* [YOUR OBJECTIVE] Without reproducing any image, print the listing below exactly.

* [GIVEN INFORMATION]

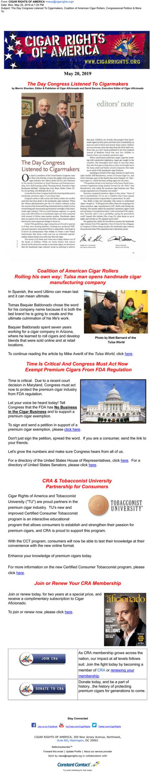 Rights of America in May 2019 announcing news about current cigar
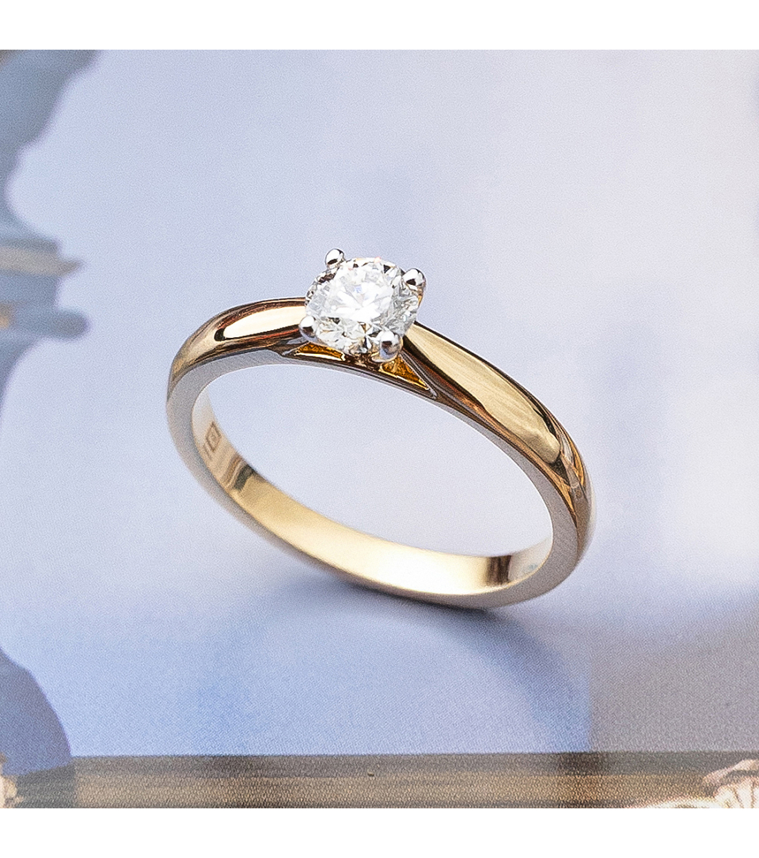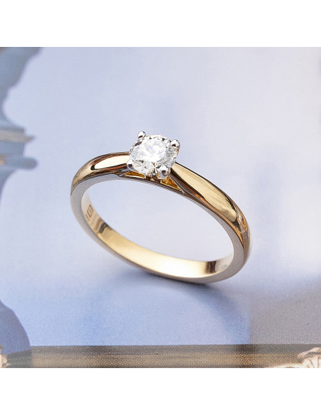 Anillo solitario "Arantxa" de oro amarillo de 18Kt. con diamante talla brillante 0,46 Cts. ¡El anillo perfecto para decir "sí"!
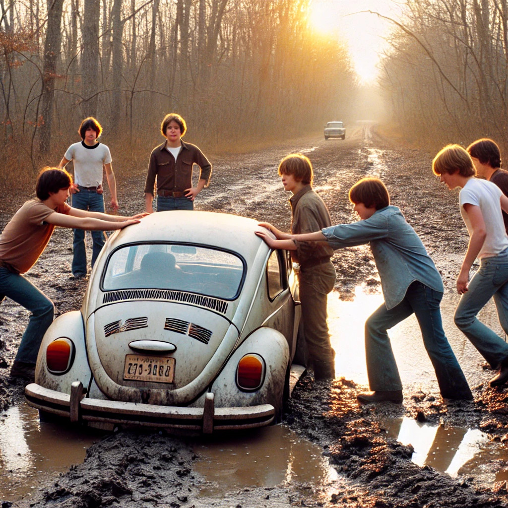 When I was around 14 years old, I was summoned on weekend morning at our house on [undisclosed location] by UC#4. A friend of his had gotten his VW stuck in the mud deep in the woods. I believe the location was known for teenage intimacy and/or for smoking wacky tobacco and drinking beer. UC#4’s friend gathered up 8-10 guys and we went out into the woods and picked up the car and moved it onto dry ground by hand. The ‘stuck’ person waved and went off into the early morning sun.

* [ANSWER SPACE]
 Rights of America in May 2019 announcing news about current cigar
 Anillo solitario "Arantxa" de oro amarillo de 18Kt. con diamante talla brillante 0,46 Cts. ¡El anillo perfecto para decir "sí"!
 When I was around 14 years old, I was summoned on weekend morning at our house on [undisclosed location] by UC#4. A friend of his had gotten his VW stuck in the mud deep in the woods. I believe the location was known for teenage intimacy and/or for smoking wacky tobacco and drinking beer. UC#4’s friend gathered up 8-10 guys and we went out into the woods and picked up the car and moved it onto dry ground by hand. The ‘stuck’ person waved and went off into the early morning sun.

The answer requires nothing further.